EXERCISE INPUT Block Start

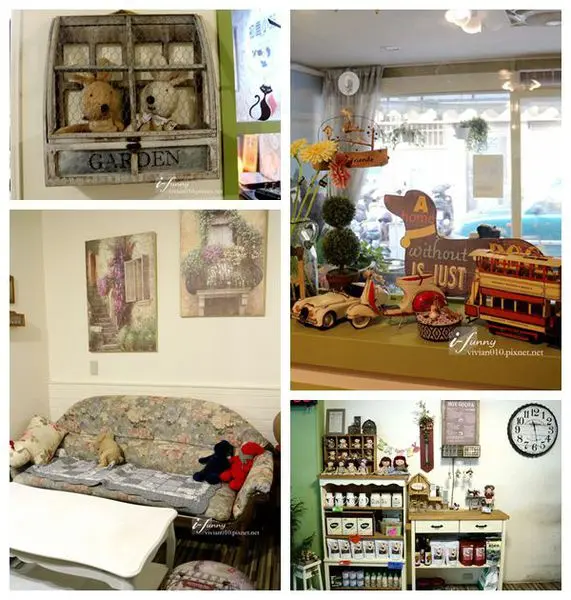 店內擺設以鄉村風為主,四處可見店主精心的收藏品,更顯店內溫馨可愛的風格。
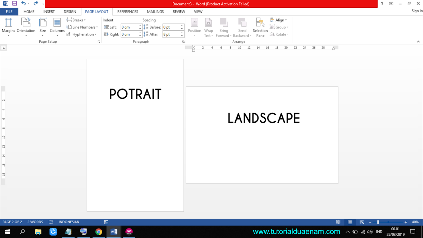 Membuat Halaman Portrait dan Landscape Dalam Satu File | Edu Sejarah
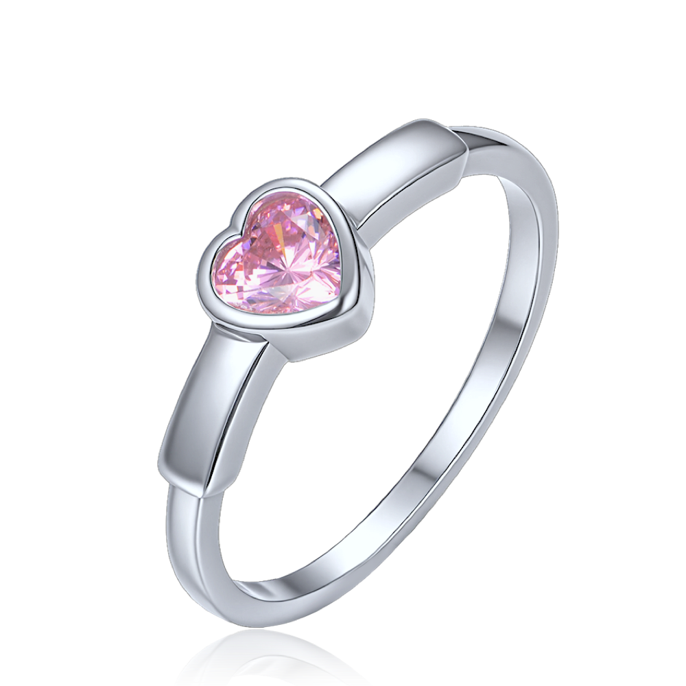 MINET Delikatny srebrny pierścionek serce z różową cyrkonią rozmiar 14
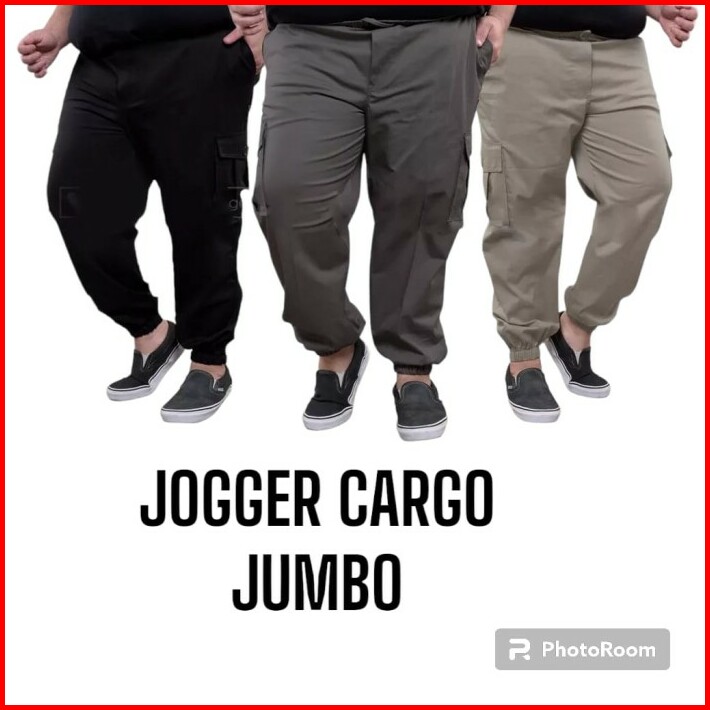 Celana Jogger Cargo Big Size Pria 38-44 Jumbo Strecth Pinggang Karet
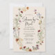Vildblomma Boho bröllopsinbjudan per post. Denna stilrena och eleganta bröllopsinbjudan till brudfesten har vackra, handmålade akvarellvildblommor arrangerade som en vacker bukett och elegant kalligrafiskrift.
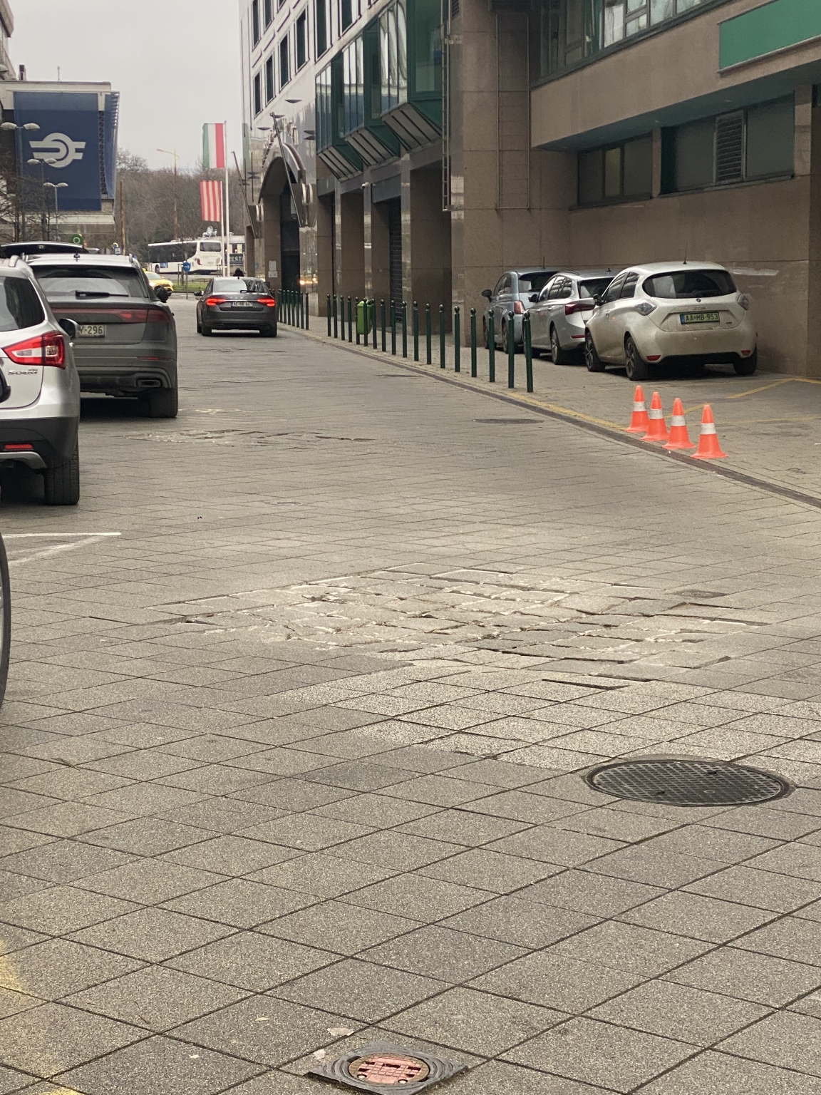 Pályaudvar és irodaház közötti utcaszakaszba bekanyarodva romra van törve a térkő üttest!
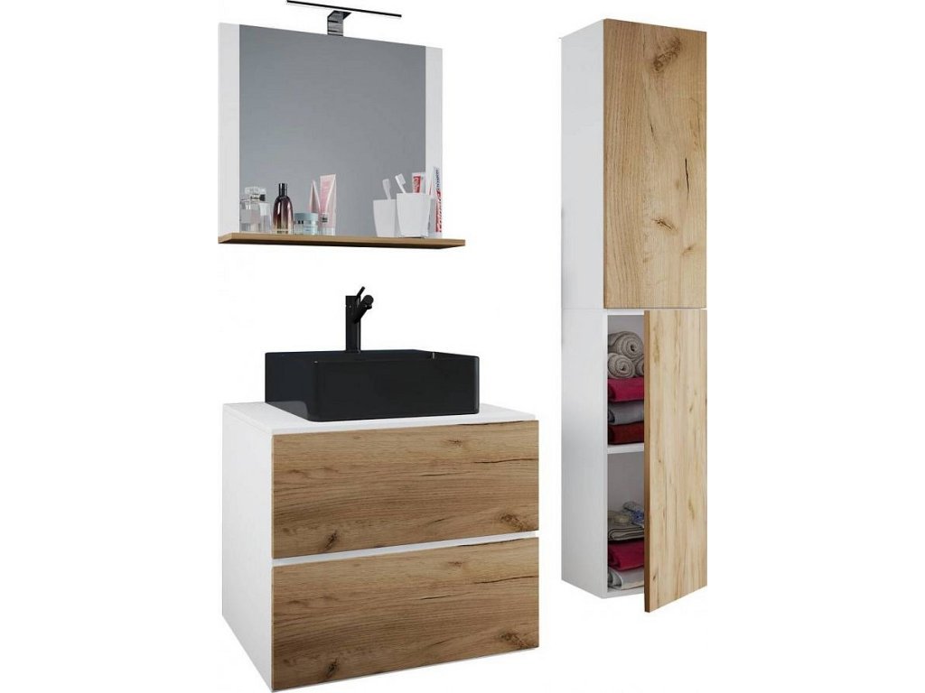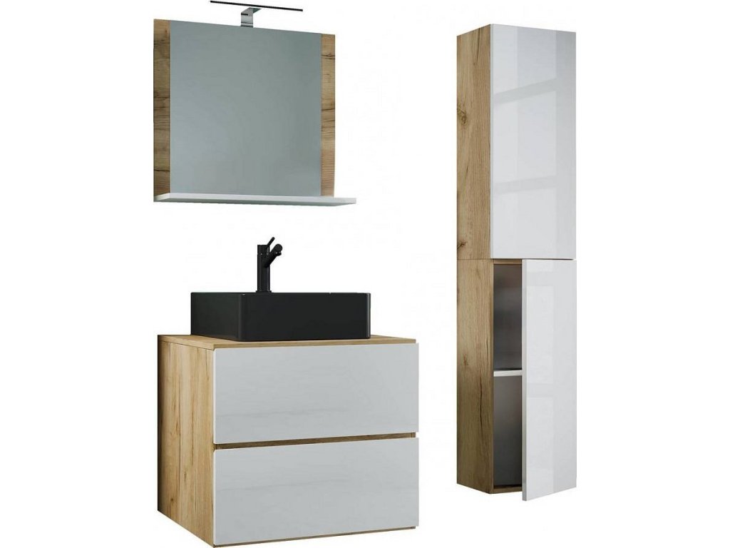 4dílná umyvadlová skříňka Lendas BL L se zrcadlem 60 cm + vysoká skříňka, dub medový
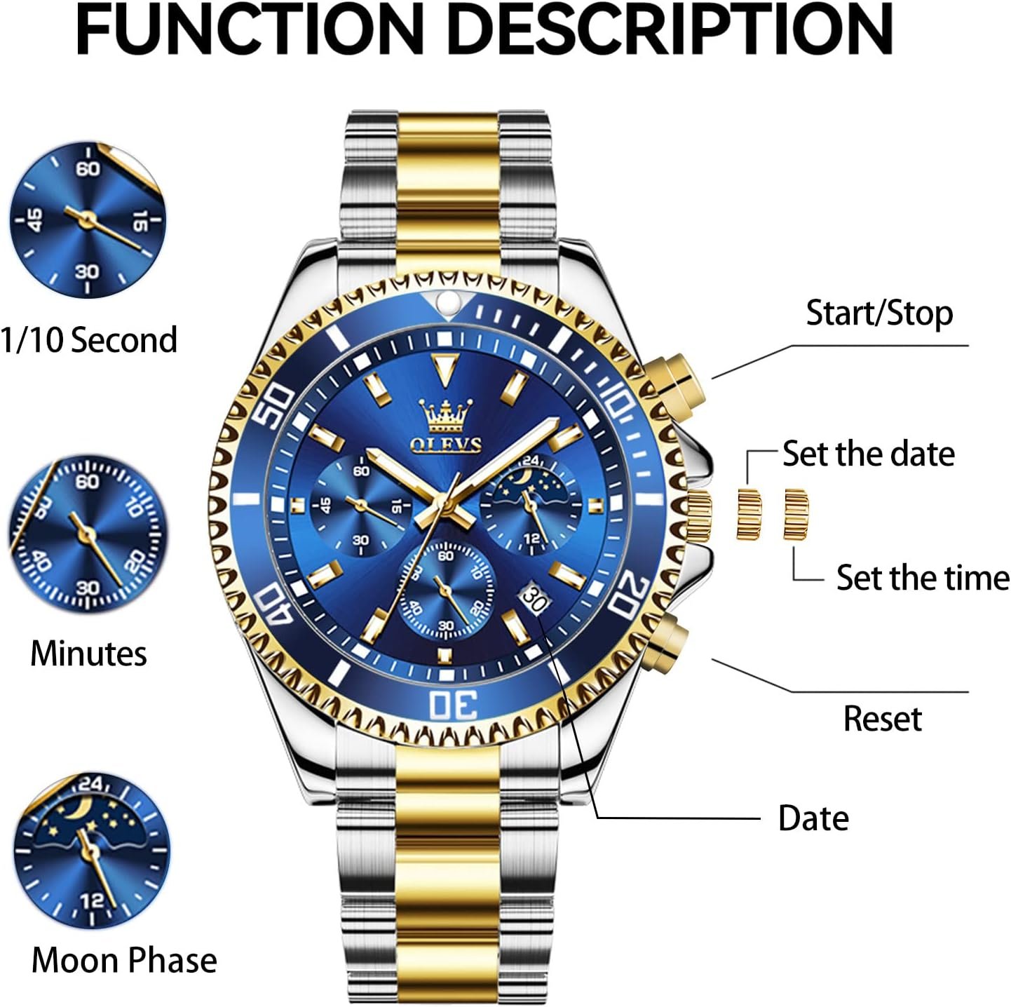 13 reviews for OLEVS Men’s Stainless Steel Watch Fashion Luxury Big Face Analog Quartz Waterproof Date Business Chronograph Watches for Men
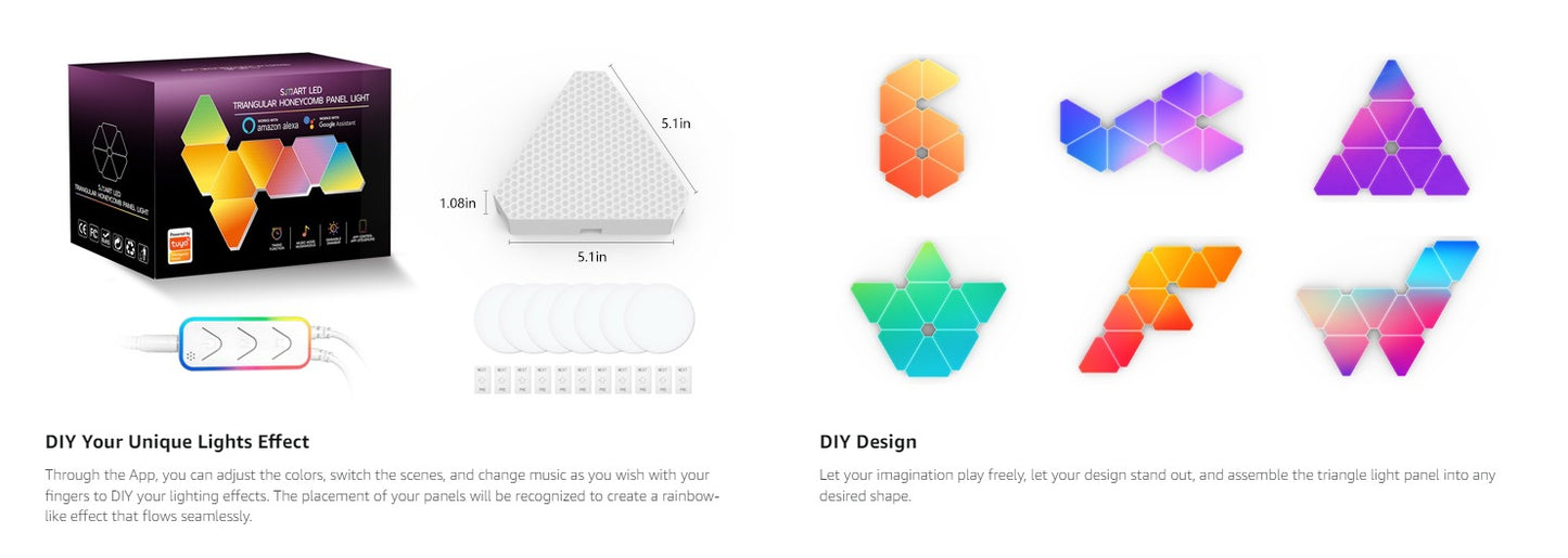Smart LED Triangle Lights Set - Sync with Music & Games, RGB Ambient Mood Lighting Kit with App Control
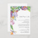 This colourful tropical floral | detail enclosure card is perfect for your modern boho destination, green, purple, peach wedding. Design features an elegant bouquet of classic beach watercolor greenery and flowers that may include sage green eucalyptus, mauve and red protea, blush pink hibiscus, orange and blue bird of paradise, and dark green palm leaf. The design is ideal for a simple, creative, unique travel wedding for spring, summer, fall, or winter! Please find other matching or coordinating wedding stationery in the rest of the collection.
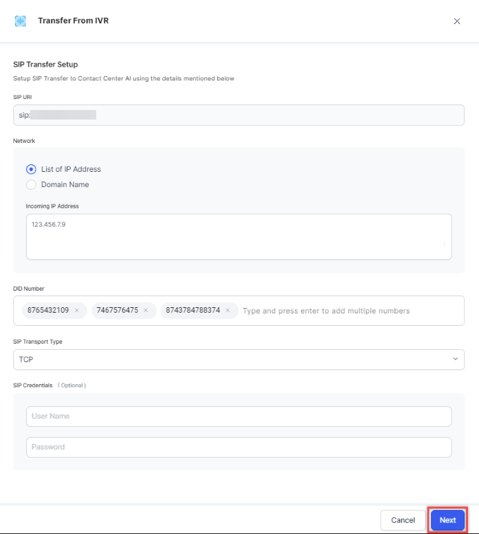 Under the SIP Trunk tab, you can configure the network IPs and domains, DID number, SIP transport protocol, SIP credentials (optional), and Inbound/Outbound direction for phone numbers while the SIP URI is pre-configured.
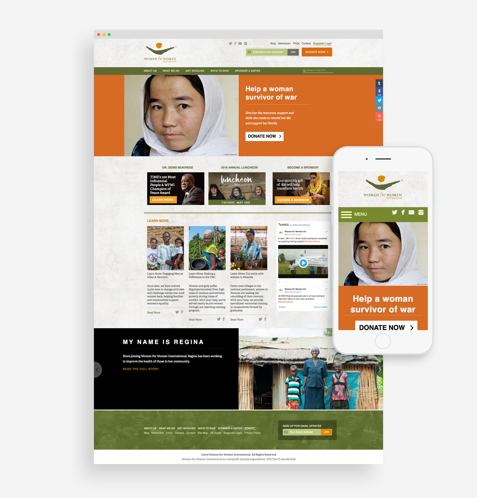 With the second retainer (AKA round two), DesignStudio shifted gears and focused on adding new templates and pages to the website. One of these pages is the “She Inspires Me” page, which is part of a year-long campaign that is one of Women for Women’s central projects right now. The landing page itself is incredibly specialized and incorporates a software service that aggregates social media content based on the campaign’s core hashtag “#SheInspiresMe.”

EXERCISE INPUT Block End

-- PROBLEM REQUIREMENTS --
Please quote the lines of the material, beginning with the first and ending with the one that contains "Vildblomma Boho bröllopsinbjudan", exactly as written and without any pictures.

-- EXERCISE ANSWER --
 店內擺設以鄉村風為主,四處可見店主精心的收藏品,更顯店內溫馨可愛的風格。
 Membuat Halaman Portrait dan Landscape Dalam Satu File | Edu Sejarah
 MINET Delikatny srebrny pierścionek serce z różową cyrkonią rozmiar 14
 Celana Jogger Cargo Big Size Pria 38-44 Jumbo Strecth Pinggang Karet
Vildblomma Boho bröllopsinbjudan per post. Denna stilrena och eleganta bröllopsinbjudan till brudfesten har vackra, handmålade akvarellvildblommor arrangerade som en vacker bukett och elegant kalligrafiskrift.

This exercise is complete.